Maneviyat ile, belli dinî mensubiyetlerin ötesinde, kişi ile yüce bir varlık arasındaki aşkın ilişki kastedilirken (Peterson ve Nelson, 1987); din, örgütlü dinî kurumların inanç ve pratiklerine bağlılıkla ilgilidir (Shafranske ve Maloney, 1990).41

Maneviyat, kişisel olarak önemli kurallara göre yaşamak gibi belli bir rehberlik olmadan var olabilirken; bir dini takip etmek, Tanrı’yı arayışta izlenecek pratikleri ya da kılavuzluğu kabul etmeyi içerebilmektedir. Örneğin bazı dinlerde belli yiyecekler yenmeyebilirken, diğer bazı dinler takipçilerinden belirlenmiş zamanlarda belirlenmiş etkinliklere (Pazar ayinleri, günün belli zamanlarında ibadet gibi) katılmalarını gerekli görebilmektedir.42

Maneviyatın, doğası itibariyle daha genel ve kapsamlı iken; dinin, daha özel olup, belirli inanç gelenekleri ya da kurumlarıyla ve Tanrı’ya inançla ilişkili görülmekte olduğu görüşü, meseleyi basite indirgeme anlamına geldiği gerekçesiyle eleştirilmektedir (Pargament, 1999).43

Maneviyatı, “kendi faniliğimizin gerçekliğinde anlam arama arzusu” olarak tanımlayan Piedmont, maneviyatın, Teobiyoloji ve Nöroteoloji’deki son gelişmelerin de kanıtladığı gibi evrensel bir insan deneyimi olduğunu ifade ederek; manevî aşkınlık adı altında genetik bir kişilik özelliğinin varlığını öne sürmektedir.44

38 Koenig (2004), agm, , s. 1194- 1200.; Paloutzian, agb, s. 7.

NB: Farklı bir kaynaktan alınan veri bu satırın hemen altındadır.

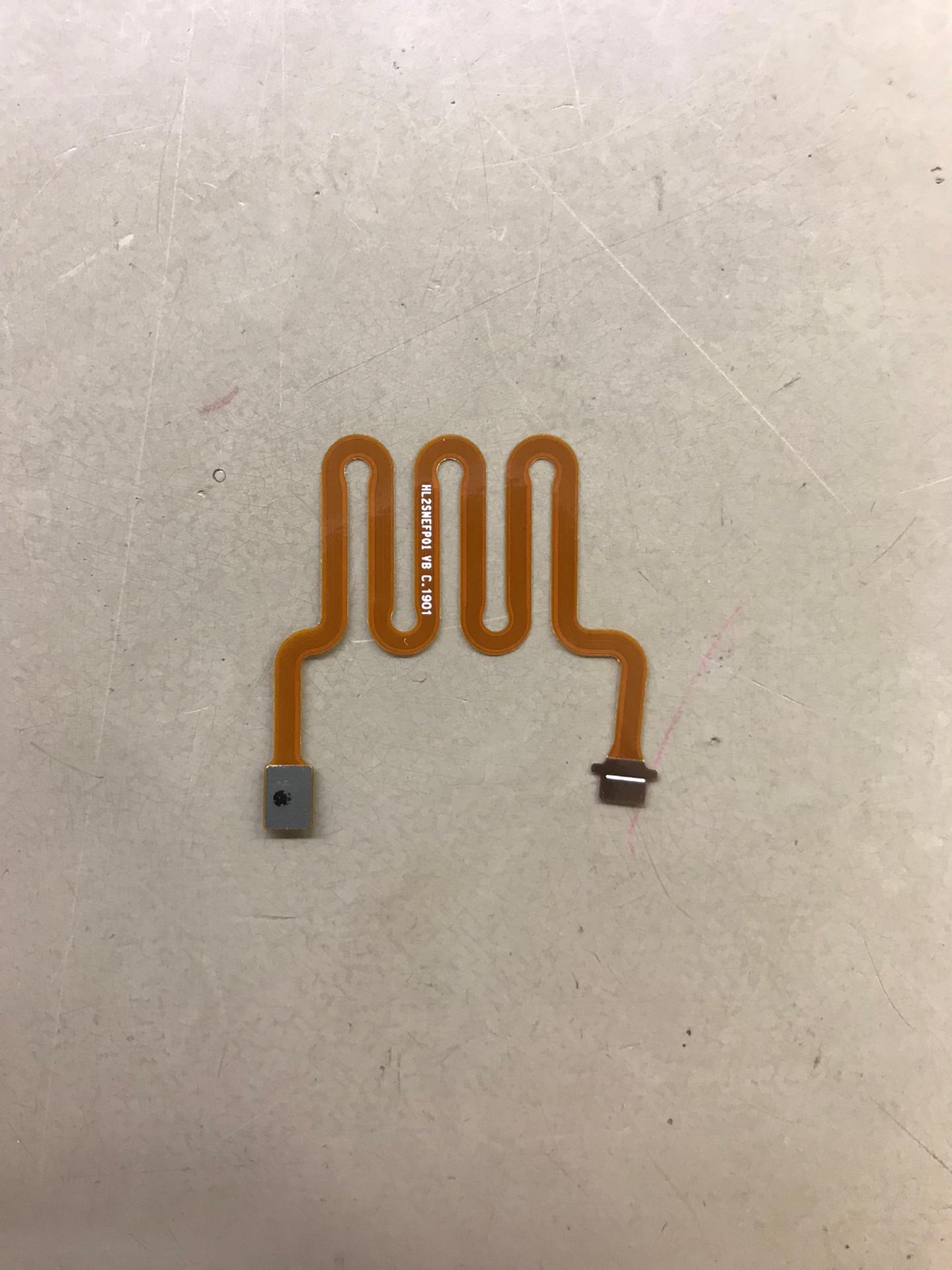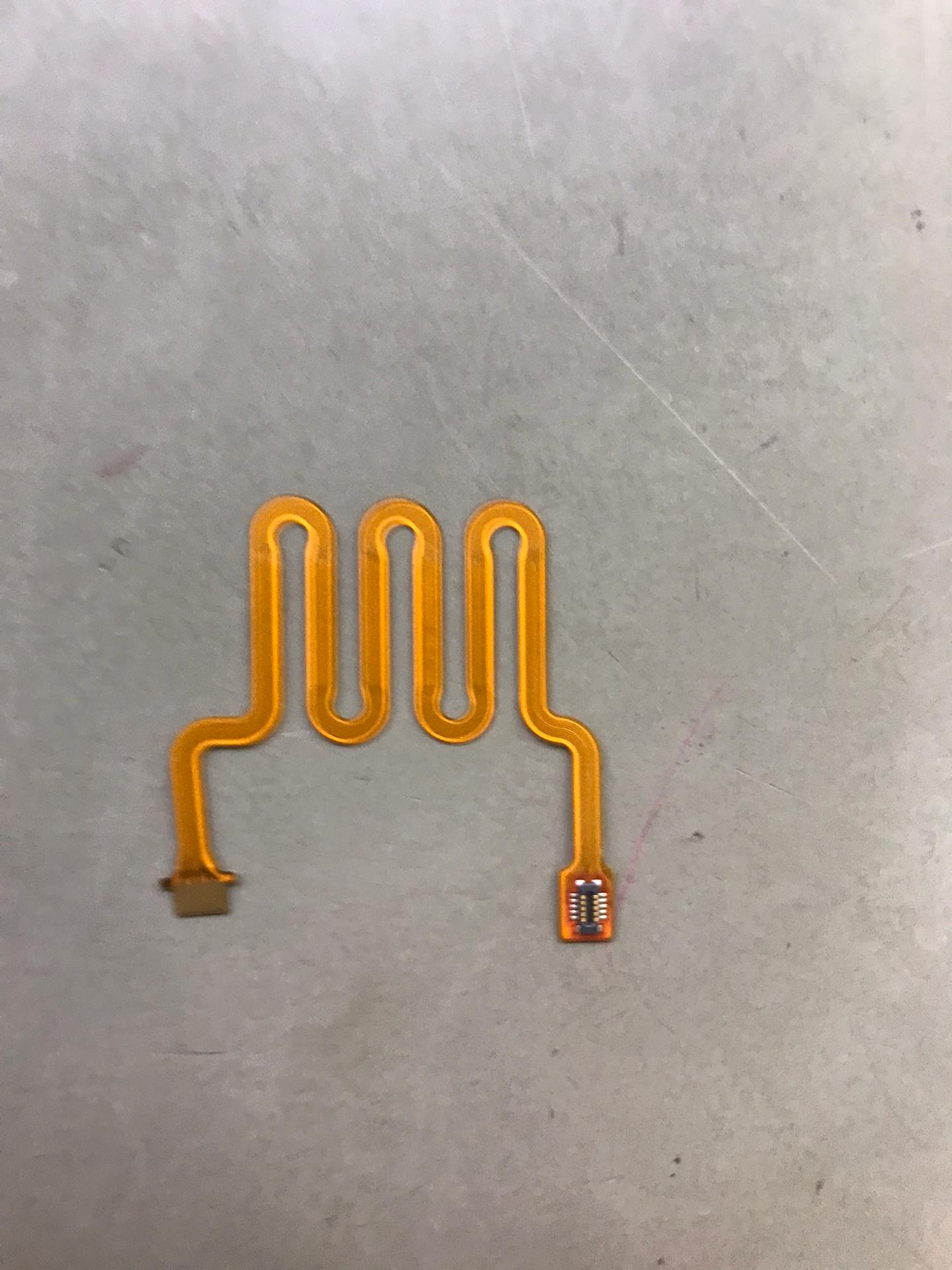 Cabo flexível amarelo com padrão ondulado e componentes eletrónicos nas extremidades

39 Bruce- Newberg, agm, s. 443-68.

40 Koenig (2004), agm, s. 1194- 1200.

41 Dein (2004), agm, s. 287- 295; Dein (2006), agm, s. 67- 72.

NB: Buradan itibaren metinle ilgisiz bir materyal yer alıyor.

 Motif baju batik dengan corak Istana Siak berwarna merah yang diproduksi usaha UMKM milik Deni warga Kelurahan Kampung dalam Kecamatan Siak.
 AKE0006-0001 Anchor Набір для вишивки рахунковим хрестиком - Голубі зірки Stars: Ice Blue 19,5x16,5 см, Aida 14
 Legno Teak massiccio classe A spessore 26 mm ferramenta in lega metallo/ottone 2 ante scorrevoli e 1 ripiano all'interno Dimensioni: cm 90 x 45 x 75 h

42 İngiliz Ulusal Şizofreni Derneği, agbr.

43 Scott Richards - Allen Bergin, “The Need For a Theistic Spiritual Strategy”, A Spiritual Strategy for Counseling and Psychotherapy içinde, APA Books, Washington DC, A. B. D., 2005, s. 5- 25, http://books.apa.org, 14 Ocak 2007.

44 Ralph Piedmont- Mark Leach, “Cross- Cultural Generalizability of the Spiritual Transcendence Scale in India”, American Behavioral Scientist, C. 45, S. 12, 2002, s. 1888-1901.

II. RUH SAĞLIĞI KAVRAMI

A. Ruh Sağlığının Tanımlanması

Ruh sağlığının tanımına geçmeden önce, ilk olarak klinik psikoloji ve psikiyatrinin inceleme alanına dair kavram kargaşasına değinmek kaçınılmaz görünmektedir.

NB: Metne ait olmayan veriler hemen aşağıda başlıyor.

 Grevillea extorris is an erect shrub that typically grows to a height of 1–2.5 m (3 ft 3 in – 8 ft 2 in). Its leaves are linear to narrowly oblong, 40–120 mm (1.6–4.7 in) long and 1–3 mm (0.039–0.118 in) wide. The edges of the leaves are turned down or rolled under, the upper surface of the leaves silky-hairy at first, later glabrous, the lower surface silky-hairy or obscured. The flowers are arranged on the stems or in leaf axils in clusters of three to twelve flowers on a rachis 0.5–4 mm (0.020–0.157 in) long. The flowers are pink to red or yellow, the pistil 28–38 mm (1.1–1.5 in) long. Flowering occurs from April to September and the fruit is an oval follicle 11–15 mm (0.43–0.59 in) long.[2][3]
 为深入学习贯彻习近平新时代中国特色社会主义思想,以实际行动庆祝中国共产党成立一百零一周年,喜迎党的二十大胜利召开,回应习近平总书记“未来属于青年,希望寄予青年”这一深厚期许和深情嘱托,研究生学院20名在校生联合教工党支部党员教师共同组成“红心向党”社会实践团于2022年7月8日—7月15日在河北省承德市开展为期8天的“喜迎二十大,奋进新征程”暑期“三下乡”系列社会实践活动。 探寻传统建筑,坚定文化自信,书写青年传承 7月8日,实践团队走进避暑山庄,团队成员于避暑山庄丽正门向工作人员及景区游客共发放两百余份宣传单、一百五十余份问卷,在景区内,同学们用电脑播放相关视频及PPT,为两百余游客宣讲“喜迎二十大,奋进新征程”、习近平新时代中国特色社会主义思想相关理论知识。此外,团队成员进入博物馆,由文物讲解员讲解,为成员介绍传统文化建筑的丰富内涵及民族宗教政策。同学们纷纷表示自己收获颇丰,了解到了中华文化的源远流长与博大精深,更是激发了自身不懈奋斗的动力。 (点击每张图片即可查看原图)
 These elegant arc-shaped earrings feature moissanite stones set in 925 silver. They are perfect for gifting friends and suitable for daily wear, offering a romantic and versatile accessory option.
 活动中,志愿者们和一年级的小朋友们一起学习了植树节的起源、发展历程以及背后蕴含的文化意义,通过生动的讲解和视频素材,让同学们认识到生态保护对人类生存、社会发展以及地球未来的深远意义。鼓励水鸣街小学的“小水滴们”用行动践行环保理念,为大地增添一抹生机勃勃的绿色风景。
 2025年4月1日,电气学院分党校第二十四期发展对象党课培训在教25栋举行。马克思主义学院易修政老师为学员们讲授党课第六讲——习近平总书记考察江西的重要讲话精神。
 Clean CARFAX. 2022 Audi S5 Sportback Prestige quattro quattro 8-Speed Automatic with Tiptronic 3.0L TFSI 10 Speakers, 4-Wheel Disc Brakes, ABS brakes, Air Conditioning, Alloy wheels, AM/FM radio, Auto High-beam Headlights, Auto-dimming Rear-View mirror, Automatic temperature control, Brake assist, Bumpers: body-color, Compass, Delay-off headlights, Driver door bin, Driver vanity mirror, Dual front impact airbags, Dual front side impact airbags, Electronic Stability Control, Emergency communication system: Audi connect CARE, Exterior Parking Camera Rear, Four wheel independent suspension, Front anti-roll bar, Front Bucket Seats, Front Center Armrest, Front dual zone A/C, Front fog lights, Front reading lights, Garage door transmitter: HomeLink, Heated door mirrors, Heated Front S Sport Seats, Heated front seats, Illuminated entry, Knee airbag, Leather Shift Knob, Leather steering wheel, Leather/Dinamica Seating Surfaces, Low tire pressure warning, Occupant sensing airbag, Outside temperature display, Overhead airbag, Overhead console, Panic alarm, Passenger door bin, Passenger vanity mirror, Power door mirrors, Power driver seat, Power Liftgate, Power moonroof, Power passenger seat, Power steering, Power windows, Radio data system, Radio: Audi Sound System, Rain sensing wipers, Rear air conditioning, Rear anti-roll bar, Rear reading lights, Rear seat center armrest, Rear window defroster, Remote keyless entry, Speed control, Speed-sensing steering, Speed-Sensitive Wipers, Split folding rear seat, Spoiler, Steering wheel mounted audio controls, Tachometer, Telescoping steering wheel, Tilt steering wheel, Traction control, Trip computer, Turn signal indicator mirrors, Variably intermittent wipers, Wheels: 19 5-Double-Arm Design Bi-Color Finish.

1. Zihin (Mind)-Ruh (Spirit-Soul) Tartışması

Batılı kültürlerde bu inceleme alanı, mind ve onun türevi mental ile ifade edilirken; dilimizde spiritual ya da soulun karşılığı olan geleneksel ruh kavramı kullanıla gelmektedir.45 Halbuki psikoloji her ne kadar edebî anlamda “ruhun incelenmesi” demek olsa da, Batılı psikolojik düşüncede ruh, bariz şekilde yoktur.46 Çağdaş Psikoloji’nin ruhtan kastı, beyin fonksiyonlarının bir epifenomeni (gölge hadisesi) olup; ruh, beyin faaliyetlerinin zihinsel ve davranışsal tezahürlerine karşılık gelmektedir. DSM-IV’ün giriş kısmında ‘zihinsel bozukluk’ (mental disorder) terimini, yerine koyacak daha iyi bir şey bulamadıkları için kullanmak zorunda kalmanın rahatsızlığının dile getirilmesi47 alandaki kavramların henüz yerine oturmadığının da bir işareti sayılabilmektedir.

2. Ruh Sağlığı-Ruh Hastalığı İlişkisi

Ruh sağlığını tanımlamak, aynı zamanda ruhsal rahatsızlığı tanımlamakla yakından ilişkilidir. Zira ruh sağlığı anlam olarak ruhsal rahatsızlıklara yakalanmamayı da bünyesinde taşır.48 Bu da beraberinde ‘normal’, ‘normal dışı’ ayrımı meselesini getirmektedir.

45 Erol Göka, Modern Psikiyatrinin Kısa Tarihi ve Çok Kısa Karşı Tarihi başlıklı makale, Ruh Hastalığını Anlamak, , der. Kemal Sayar, Kaknüs Yayınları, 2.Basım, Eylül 2001, İstanbul, s. 19.

46 Khalid, agm, s.7.

47 Kerem Doksat, “Dinî ve Mistik Yaşantıların Psikolojisi”, Türkiye Günlüğü, 45, 1997, s. 36-37.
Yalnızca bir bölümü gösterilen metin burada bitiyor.